While higher premiums and investment income supported the year-over-year top-line growth of 22%, net realized investment gains tanked 38.3%. Moreover, operating expenses rose 22.7%, along with an increase in interest and tax expenses. Additionally, a rise in loss reserves and cost of acquisitions led to an operating cash outflow of $243.5 million from against an inflow of $398.7 million in the year-ago period, thereby limiting share buybacks.

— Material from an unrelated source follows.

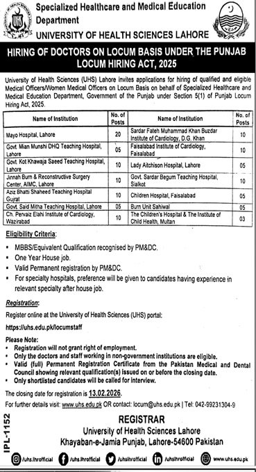 University of Health Sciences Lahore Pakistan Jobs 2026 – Apply Online (Posted Date: 01, Feb)

Markel is focused on expansion through the recent acquisitions of Alterra in May 2013 for about $3.3 billion, Abbey Protection Plc in Jan 2014 for $190.7 million, Cottrell Inc. in Jul 2014 for $130 million as well as Tromp-Pol Baking Equipment BV (Vanderpol) and Den Boer Baking Systems BV (Den Boer) in Aug 2014. However, these acquisitions have weighed on the company's financial leverage (with debt-to-capital ratio of 24% at Jun 2014-end) and cash flows.

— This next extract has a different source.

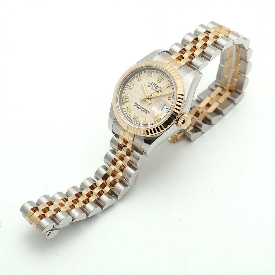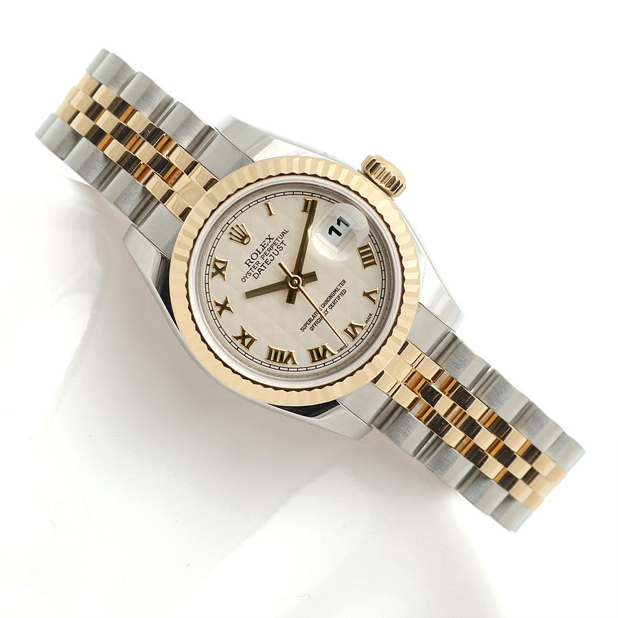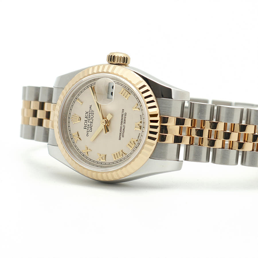 179173-IVPYROMJUB,롤렉스 로렉스 레이디 데이트저스트 데이저스트 26 179173 스틸 옐로우 골드 옐골 스틸 투톤 여성 아이보리 피라미드 로만 쥬빌리,Rolex lady datejust 26 179173 steel yellow gold steel two tone ivory pyarmid roman,로만,Lady-Datejust 26,레이디-데이트저스트 26,Lady-Datejust,Rolex,롤렉스,셀프 와인딩,Yellow gold,Hidden folding clasp,Date / roman numeral indices

Moreover, Markel faces the brunt of unfavorable reserve developments, which continues to hurt underwriting results in the property-casualty operations, which are already bracing competition. Overall, weak fundamental growth prospects amid significant underwriting and investment risks have failed to enlist any positive investor sentiment for the upcoming quarter as well.

Meanwhile, the Zacks Consensus Estimate for 2014 and 2015 declined 18.3% and 8.6% to $19.16 and $23.09 per share, respectively, in the last 30 days. There was no upward estimate revision for both the years over the same time frame. Moreover, on a year-over-year basis, earnings are expected to dip 0.2% in 2014.

Insurers That Warrant a Look

While we prefer to avoid Markelfor the time being, better-ranked insurers such as Global Indemnity Plc (GBLI), Mercury General Corp. (MCY) and Endurance Specialty Holdings Ltd. (ENH) are worth considering. All these stocks sport a Zacks Rank #1 (Strong Buy).